One cubic meter of ice weighs nearly 2,000 lbs, and when it is removed from areas such as Greenland through melting, the rocks are no longer suppressed by the weight, resulting in their ability to shift position and rebound more easily. “Greenland quakes have risen from 6 to 15 a year between 1993 and 2002, to 30 in 2003, 23 in 2004 and 32 in the first 10 months of 2005, closely matching the rise in Greenland’s temperatures over the same period.” (Goran Eckstrom) Earthquakes along coastal shores, or from subduction along underwater slopes such as occurred during the series of Sumatran-Andaman earthquakes in 2004, cause tsunamis that travel for thousands of miles, spreading destruction in their wake.

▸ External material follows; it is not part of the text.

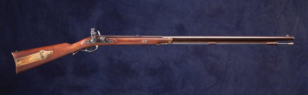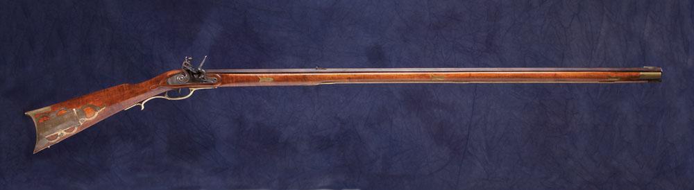 a) An Italian made 1803 Harpers Ferry rifle new in the box. Made in .54 caliber with eagle markings on the case colored lock, 34 1/2” half round barrel and brass hardware; b) Unmarked flint with 44” octagon barrel in what appears to be .36 caliber. Brass hardware and patch box. Quality manufacture with inlaid fish symbols. Shows some use but overall very good.

In the face of drought, the earth is changing. Texas is experiencing the worst drought in half a century. Without rain for over a month in 100 degree temperatures, the earth is shrinking, causing subsidence and diminishing pressure against underground pipes, resulting in water pipes breaking and further exacerbating the drought. “One city outside Dallas, Kemp, already experienced a dress rehearsal this month when every faucet was shut off for two days to fix pipes bursting in the shifting and hardening soil.” (“Down to the last drop,” Washington Post, 18 August 2011.)
As the resources of clean water and safe refuge shrink, humans must acknowledge the reckoning. The Earth is responding, not as a series of discrete and separate incidents, but as a unified and enmeshed system. Can the appropriate human response be any less?